> **Activity**:
Output each entry in full so that the result matches the data exactly.
======== Information provided
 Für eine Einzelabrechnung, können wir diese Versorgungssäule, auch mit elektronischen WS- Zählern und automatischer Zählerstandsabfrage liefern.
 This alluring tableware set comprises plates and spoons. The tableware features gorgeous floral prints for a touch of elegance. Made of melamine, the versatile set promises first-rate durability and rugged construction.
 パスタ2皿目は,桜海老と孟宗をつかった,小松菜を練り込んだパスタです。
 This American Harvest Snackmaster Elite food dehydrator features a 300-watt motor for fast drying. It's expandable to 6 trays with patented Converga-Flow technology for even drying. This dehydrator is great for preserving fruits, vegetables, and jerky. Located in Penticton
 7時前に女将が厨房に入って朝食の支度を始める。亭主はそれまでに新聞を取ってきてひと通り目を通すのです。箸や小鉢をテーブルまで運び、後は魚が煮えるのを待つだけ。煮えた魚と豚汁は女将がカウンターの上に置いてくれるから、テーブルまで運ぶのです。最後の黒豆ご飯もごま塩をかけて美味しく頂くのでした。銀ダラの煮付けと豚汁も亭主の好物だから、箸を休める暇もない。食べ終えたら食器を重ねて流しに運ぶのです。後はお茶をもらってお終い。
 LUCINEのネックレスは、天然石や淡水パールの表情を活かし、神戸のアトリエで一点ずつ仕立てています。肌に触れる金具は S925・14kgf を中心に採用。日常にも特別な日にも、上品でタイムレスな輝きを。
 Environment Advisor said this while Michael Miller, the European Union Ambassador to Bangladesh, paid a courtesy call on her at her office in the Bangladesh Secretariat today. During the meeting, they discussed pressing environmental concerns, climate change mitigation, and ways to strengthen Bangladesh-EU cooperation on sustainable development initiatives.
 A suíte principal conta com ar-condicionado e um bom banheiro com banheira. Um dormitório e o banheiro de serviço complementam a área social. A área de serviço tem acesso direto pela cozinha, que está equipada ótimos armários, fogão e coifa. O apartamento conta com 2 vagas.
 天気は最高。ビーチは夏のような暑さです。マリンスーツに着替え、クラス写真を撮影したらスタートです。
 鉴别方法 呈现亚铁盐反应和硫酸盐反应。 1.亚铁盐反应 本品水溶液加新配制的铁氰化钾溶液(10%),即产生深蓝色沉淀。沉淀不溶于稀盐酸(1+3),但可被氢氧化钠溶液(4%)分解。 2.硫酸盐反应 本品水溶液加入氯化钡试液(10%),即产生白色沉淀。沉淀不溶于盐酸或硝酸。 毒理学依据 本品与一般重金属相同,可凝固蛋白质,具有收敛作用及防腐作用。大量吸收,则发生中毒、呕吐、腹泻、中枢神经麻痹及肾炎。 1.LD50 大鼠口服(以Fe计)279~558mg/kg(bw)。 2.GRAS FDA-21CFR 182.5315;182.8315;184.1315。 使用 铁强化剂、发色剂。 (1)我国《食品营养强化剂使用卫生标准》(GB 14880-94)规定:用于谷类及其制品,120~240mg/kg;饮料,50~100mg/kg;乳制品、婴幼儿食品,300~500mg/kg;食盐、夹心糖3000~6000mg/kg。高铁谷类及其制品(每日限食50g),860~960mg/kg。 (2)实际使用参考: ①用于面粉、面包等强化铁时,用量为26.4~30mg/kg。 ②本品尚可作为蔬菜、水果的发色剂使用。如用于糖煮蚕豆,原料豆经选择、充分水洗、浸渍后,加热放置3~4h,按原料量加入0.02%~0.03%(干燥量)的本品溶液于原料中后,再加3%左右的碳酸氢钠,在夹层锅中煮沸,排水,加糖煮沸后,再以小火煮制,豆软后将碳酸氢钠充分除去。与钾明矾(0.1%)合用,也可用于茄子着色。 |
================
> **Answer space**:
 Für eine Einzelabrechnung, können wir diese Versorgungssäule, auch mit elektronischen WS- Zählern und automatischer Zählerstandsabfrage liefern.
 This alluring tableware set comprises plates and spoons. The tableware features gorgeous floral prints for a touch of elegance. Made of melamine, the versatile set promises first-rate durability and rugged construction.
 パスタ2皿目は,桜海老と孟宗をつかった,小松菜を練り込んだパスタです。
 This American Harvest Snackmaster Elite food dehydrator features a 300-watt motor for fast drying. It's expandable to 6 trays with patented Converga-Flow technology for even drying. This dehydrator is great for preserving fruits, vegetables, and jerky. Located in Penticton
 7時前に女将が厨房に入って朝食の支度を始める。亭主はそれまでに新聞を取ってきてひと通り目を通すのです。箸や小鉢をテーブルまで運び、後は魚が煮えるのを待つだけ。煮えた魚と豚汁は女将がカウンターの上に置いてくれるから、テーブルまで運ぶのです。最後の黒豆ご飯もごま塩をかけて美味しく頂くのでした。銀ダラの煮付けと豚汁も亭主の好物だから、箸を休める暇もない。食べ終えたら食器を重ねて流しに運ぶのです。後はお茶をもらってお終い。
 LUCINEのネックレスは、天然石や淡水パールの表情を活かし、神戸のアトリエで一点ずつ仕立てています。肌に触れる金具は S925・14kgf を中心に採用。日常にも特別な日にも、上品でタイムレスな輝きを。
 Environment Advisor said this while Michael Miller, the European Union Ambassador to Bangladesh, paid a courtesy call on her at her office in the Bangladesh Secretariat today. During the meeting, they discussed pressing environmental concerns, climate change mitigation, and ways to strengthen Bangladesh-EU cooperation on sustainable development initiatives.
 A suíte principal conta com ar-condicionado e um bom banheiro com banheira. Um dormitório e o banheiro de serviço complementam a área social. A área de serviço tem acesso direto pela cozinha, que está equipada ótimos armários, fogão e coifa. O apartamento conta com 2 vagas.
 天気は最高。ビーチは夏のような暑さです。マリンスーツに着替え、クラス写真を撮影したらスタートです。
 鉴别方法 呈现亚铁盐反应和硫酸盐反应。 1.亚铁盐反应 本品水溶液加新配制的铁氰化钾溶液(10%),即产生深蓝色沉淀。沉淀不溶于稀盐酸(1+3),但可被氢氧化钠溶液(4%)分解。 2.硫酸盐反应 本品水溶液加入氯化钡试液(10%),即产生白色沉淀。沉淀不溶于盐酸或硝酸。 毒理学依据 本品与一般重金属相同,可凝固蛋白质,具有收敛作用及防腐作用。大量吸收,则发生中毒、呕吐、腹泻、中枢神经麻痹及肾炎。 1.LD50 大鼠口服(以Fe计)279~558mg/kg(bw)。 2.GRAS FDA-21CFR 182.5315;182.8315;184.1315。 使用 铁强化剂、发色剂。 (1)我国《食品营养强化剂使用卫生标准》(GB 14880-94)规定:用于谷类及其制品,120~240mg/kg;饮料,50~100mg/kg;乳制品、婴幼儿食品,300~500mg/kg;食盐、夹心糖3000~6000mg/kg。高铁谷类及其制品(每日限食50g),860~960mg/kg。 (2)实际使用参考: ①用于面粉、面包等强化铁时,用量为26.4~30mg/kg。 ②本品尚可作为蔬菜、水果的发色剂使用。如用于糖煮蚕豆,原料豆经选择、充分水洗、浸渍后,加热放置3~4h,按原料量加入0.02%~0.03%(干燥量)的本品溶液于原料中后,再加3%左右的碳酸氢钠,在夹层锅中煮沸,排水,加糖煮沸后,再以小火煮制,豆软后将碳酸氢钠充分除去。与钾明矾(0.1%)合用,也可用于茄子着色。 |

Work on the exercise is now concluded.